— SUPPLIED DATA —
************

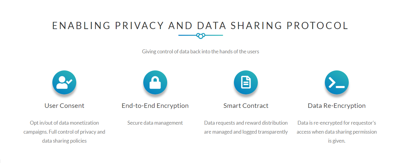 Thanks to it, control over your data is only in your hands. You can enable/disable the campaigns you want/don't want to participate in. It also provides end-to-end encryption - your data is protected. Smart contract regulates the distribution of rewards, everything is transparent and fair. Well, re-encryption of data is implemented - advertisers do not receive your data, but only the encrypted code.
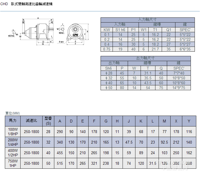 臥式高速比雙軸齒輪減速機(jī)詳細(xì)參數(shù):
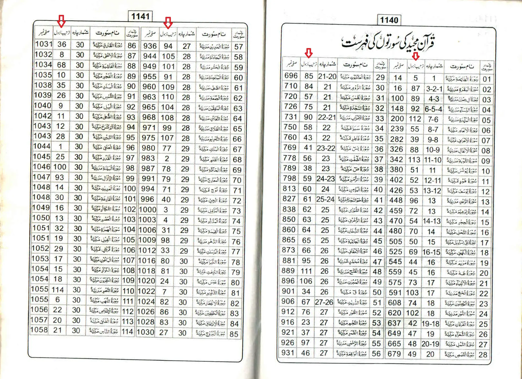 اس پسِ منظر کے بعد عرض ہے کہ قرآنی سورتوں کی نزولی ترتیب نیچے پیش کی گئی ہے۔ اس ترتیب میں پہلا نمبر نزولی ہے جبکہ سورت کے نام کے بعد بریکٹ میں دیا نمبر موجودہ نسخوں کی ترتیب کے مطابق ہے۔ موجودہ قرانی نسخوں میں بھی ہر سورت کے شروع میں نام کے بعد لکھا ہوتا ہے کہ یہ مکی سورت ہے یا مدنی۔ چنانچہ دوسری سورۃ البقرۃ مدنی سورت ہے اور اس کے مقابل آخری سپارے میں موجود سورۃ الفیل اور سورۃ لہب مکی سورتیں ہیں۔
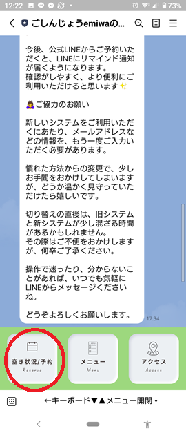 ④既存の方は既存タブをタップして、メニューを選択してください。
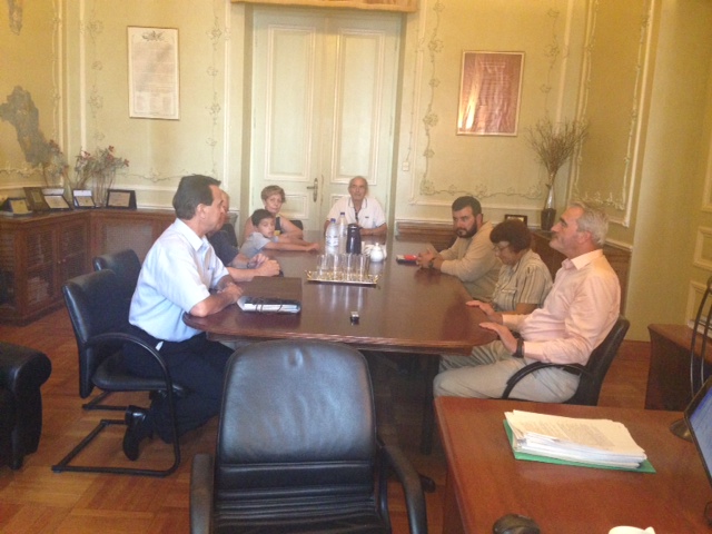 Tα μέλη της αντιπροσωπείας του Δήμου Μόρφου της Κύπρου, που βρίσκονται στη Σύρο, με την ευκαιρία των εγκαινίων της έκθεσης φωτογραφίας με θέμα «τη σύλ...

************

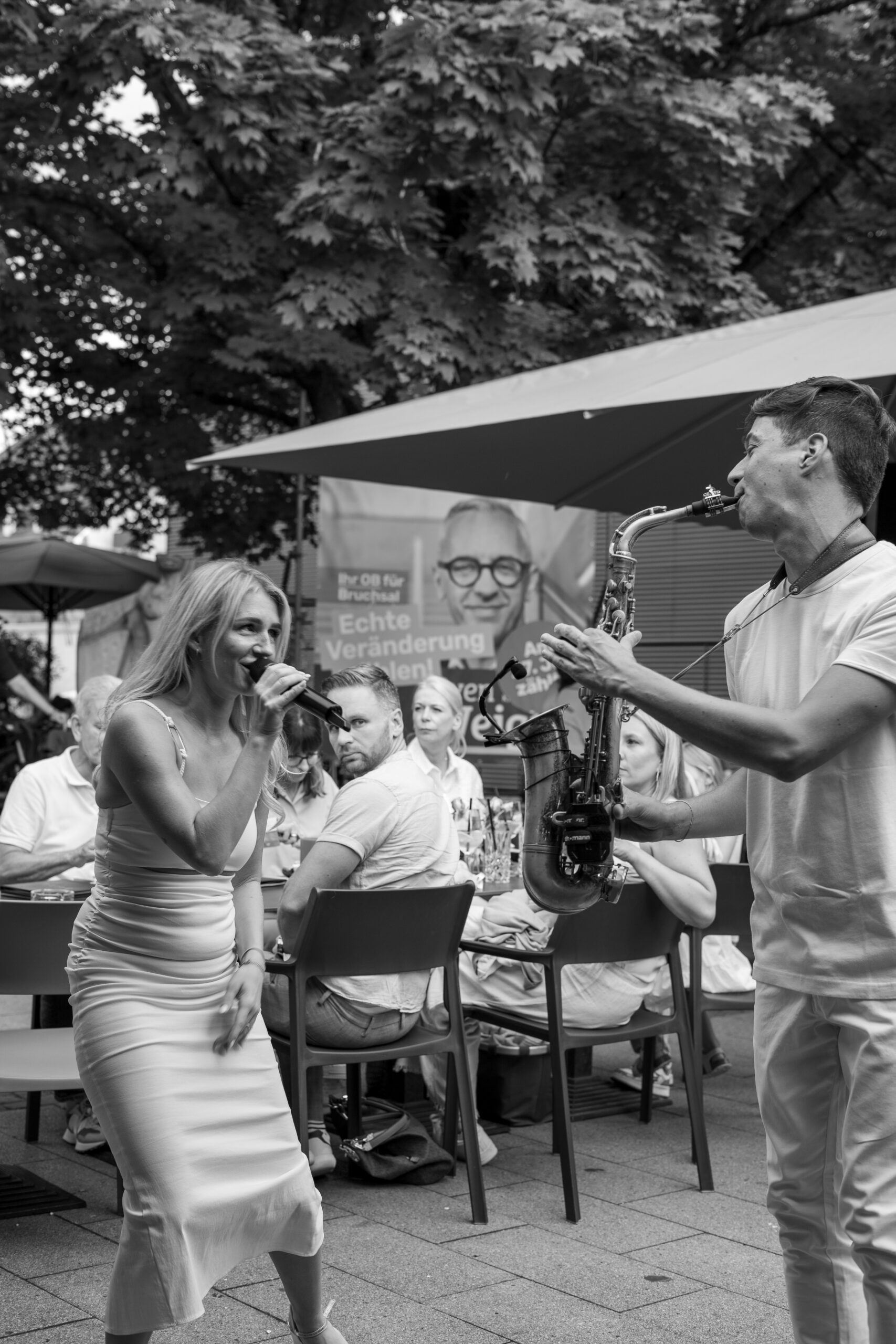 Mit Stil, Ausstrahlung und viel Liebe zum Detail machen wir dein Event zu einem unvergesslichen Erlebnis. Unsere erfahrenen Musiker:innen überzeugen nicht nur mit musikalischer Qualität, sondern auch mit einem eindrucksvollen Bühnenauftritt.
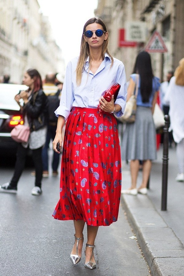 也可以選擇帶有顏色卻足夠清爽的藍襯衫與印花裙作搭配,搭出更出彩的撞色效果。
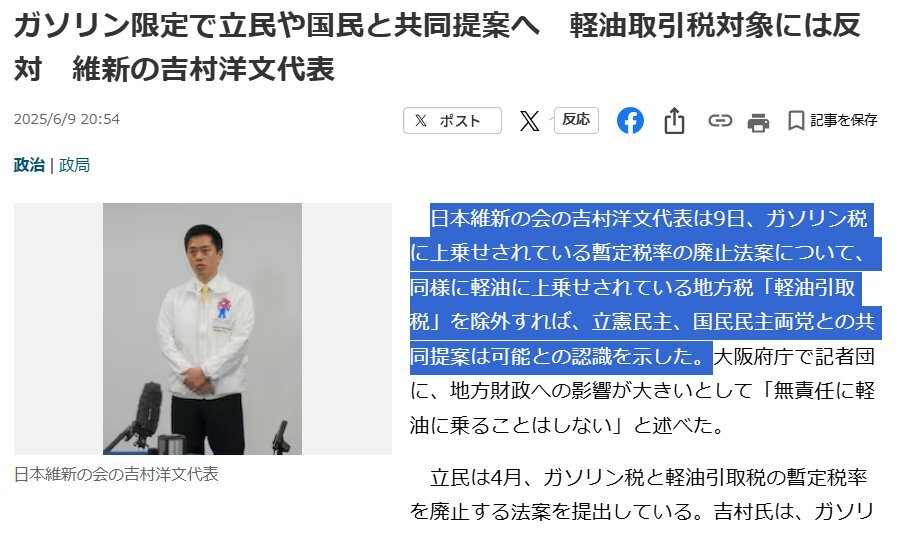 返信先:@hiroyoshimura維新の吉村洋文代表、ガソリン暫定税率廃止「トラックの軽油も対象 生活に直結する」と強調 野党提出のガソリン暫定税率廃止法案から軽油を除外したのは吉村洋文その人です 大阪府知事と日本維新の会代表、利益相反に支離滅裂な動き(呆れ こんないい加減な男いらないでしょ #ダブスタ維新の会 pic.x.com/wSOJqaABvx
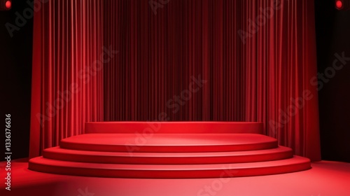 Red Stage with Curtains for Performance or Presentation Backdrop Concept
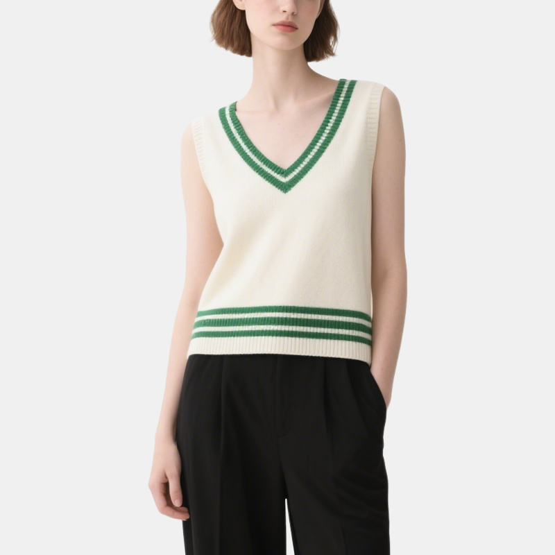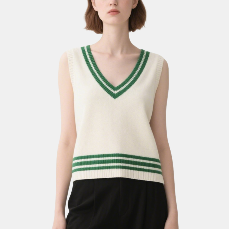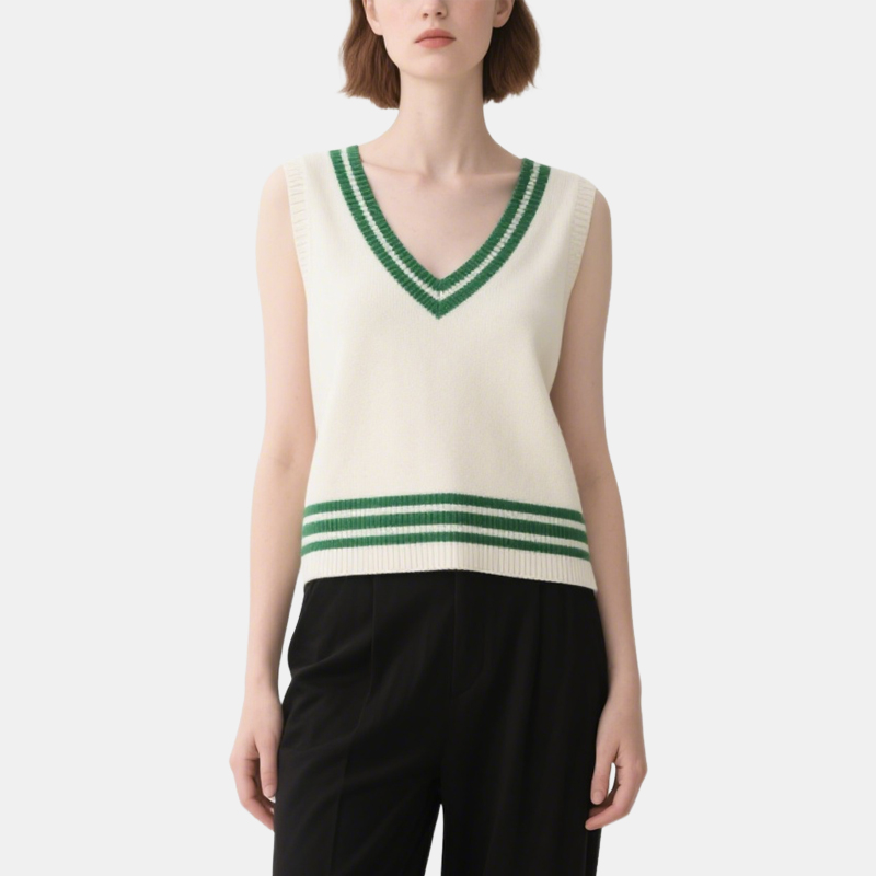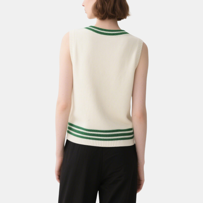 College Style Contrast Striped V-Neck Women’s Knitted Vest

************

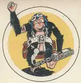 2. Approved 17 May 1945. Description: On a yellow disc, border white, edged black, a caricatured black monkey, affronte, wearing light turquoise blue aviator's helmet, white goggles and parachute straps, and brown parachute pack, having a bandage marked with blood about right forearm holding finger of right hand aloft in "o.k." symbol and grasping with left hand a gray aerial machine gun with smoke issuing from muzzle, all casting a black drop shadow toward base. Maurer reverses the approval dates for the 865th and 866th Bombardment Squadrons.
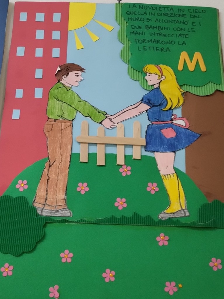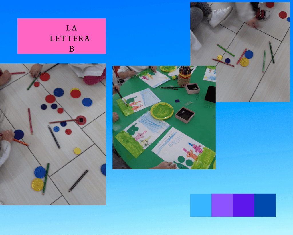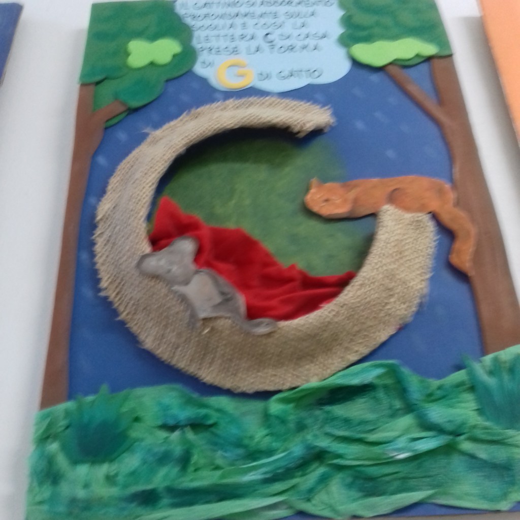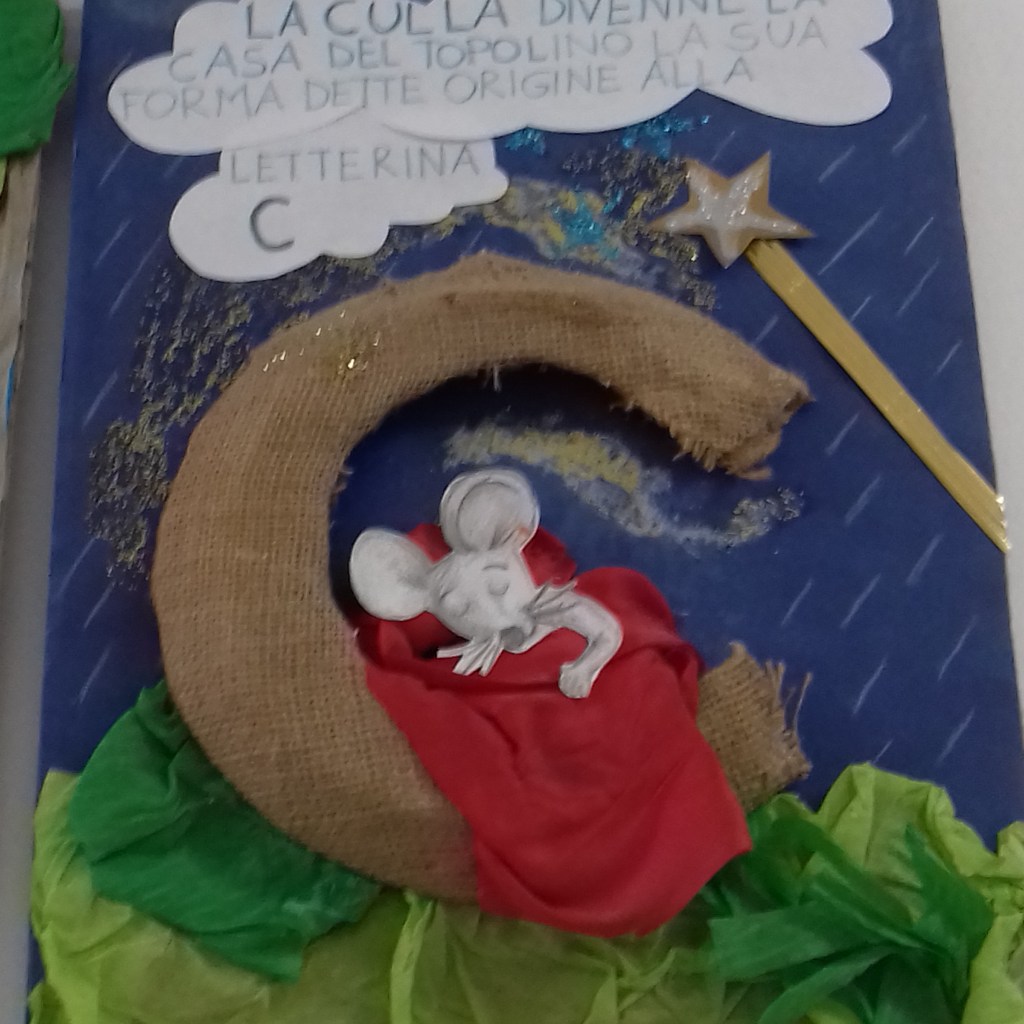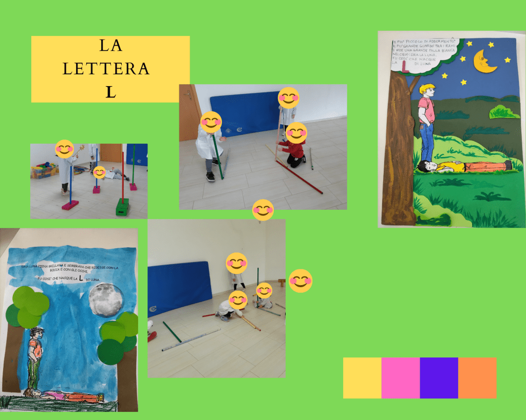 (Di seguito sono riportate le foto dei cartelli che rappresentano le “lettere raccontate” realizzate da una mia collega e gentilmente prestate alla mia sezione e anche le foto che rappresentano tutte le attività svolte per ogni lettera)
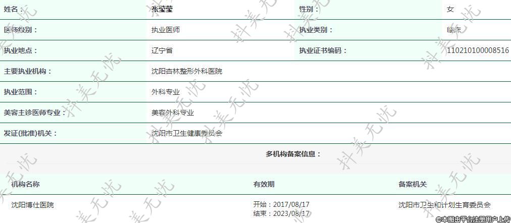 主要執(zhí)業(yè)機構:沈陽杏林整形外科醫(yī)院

************

— EXERCISE DESCRIPTION —
Return exactly the stretch above whose first line contains "④既存の方は既存タブをタップして、メニューを選択してください。" and whose last line contains "Tα μέλη της", and nothing outside it. The pictures should not appear.

— ANSWER FOR THE TASK —
 ④既存の方は既存タブをタップして、メニューを選択してください。
 Tα μέλη της αντιπροσωπείας του Δήμου Μόρφου της Κύπρου, που βρίσκονται στη Σύρο, με την ευκαιρία των εγκαινίων της έκθεσης φωτογραφίας με θέμα «τη σύλ...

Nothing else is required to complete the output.